Celebrating National Kangaroo Care Day (May 15) by talking about baby wearing in this blog about newborn needs, and giving away a free NuRoo to one lucky winner, to be chosen at random. To enter the drawing, please send a message to me at WellPregnancy’s Facebook page by May 26. Let me know your mailing address, size preference, and if you prefer a black or teal NuRoo.
Your newborn’s wants and needs are the same.
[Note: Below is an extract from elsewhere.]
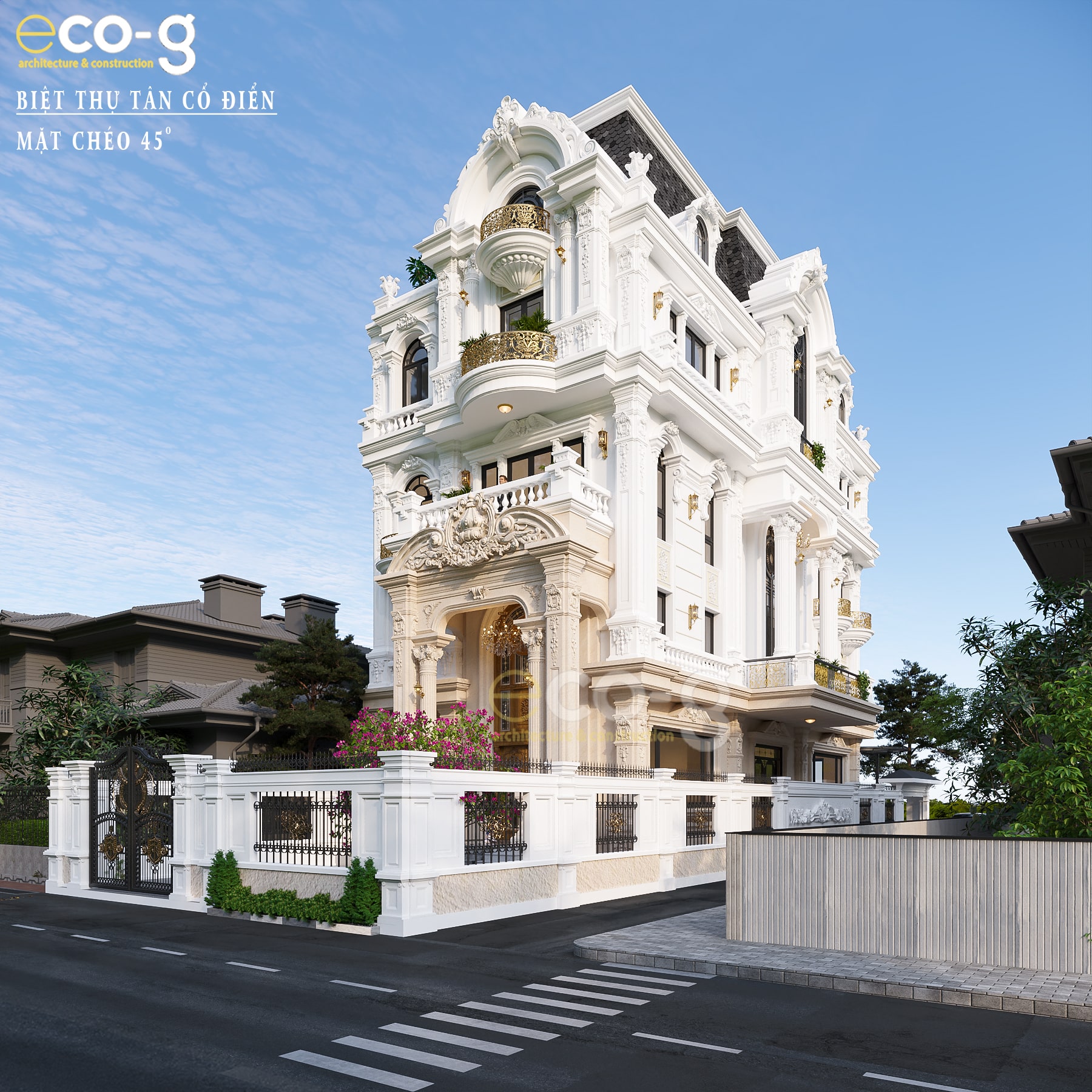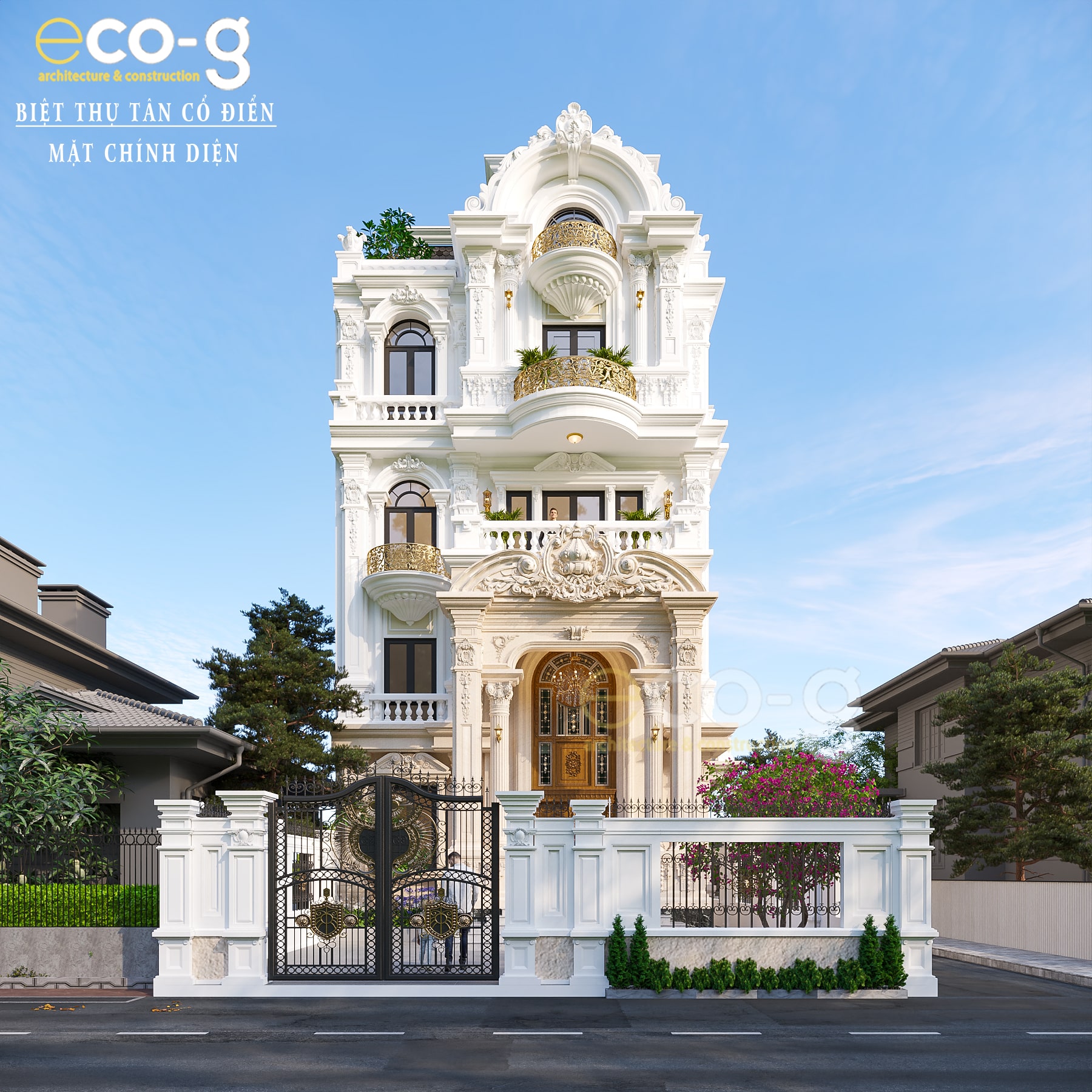Thiết kế mang phong cách tân cổ điển thể hiện rõ vẻ đẹp quyền quý, sang trọng và đậm chất nghệ thuật. Thiết kế được bố trí đối xứng, tạo cảm giác cân bằng và bề thế – một nguyên tắc đặc trưng trong kiến trúc tân cổ điển. Toàn bộ mặt đứng sử dụng gam màu trắng kem thanh nhã làm chủ đạo, phối hợp cùng các chi tiết mạ vàng ở lan can, cửa và cổng để tạo điểm nhấn quý phái.
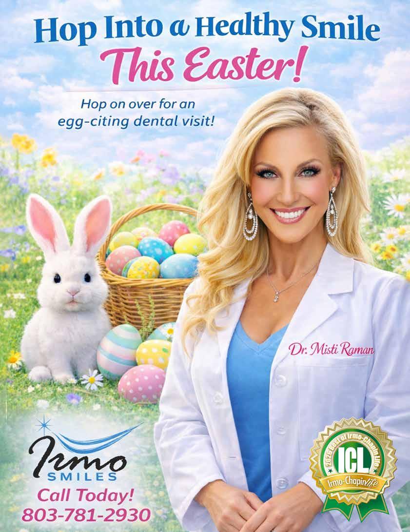 What are your plans for this spring? Easter is in April, so it is a tad later than usual. Thanks for reading Irmo-Chapin Life Magazine. We are proud to feature the local community and the wonderful folks who both teach our youth and feed our stomachs. We hope you enjoy the stories we share in our magazine. We are thankful to our supporters who advertise. Because of them, we deliver Irmo-Chapin Life Magazine to your mailboxes for free each month. Our goal is to keep you connected to the Irmo-Chapin community, and we appreciate the time you spend with Irmo-Chapin Life.

Later she may want a smart phone or a pony, and you’ll have to decide if that’s reasonable, but for now, if you can figure out what she wants you always get to give it to her.
Your baby’s behavior will make more sense if you think about what his life was like during pregnancy. For example, he was never alone for a moment. Many new parents are surprised that their babies will be happy in their arms, but begin to cry the moment they are put down, even when they are sleeping. Being alone is new for your little baby, and it will take some getting used. Hold him as much as possible to show him the world is a safe place, and before you know it he will be crawling away from you, walking away from you, running away from you, biking away from you, and eventually driving away from you. Enjoy the time when he’s little and wants to snuggle.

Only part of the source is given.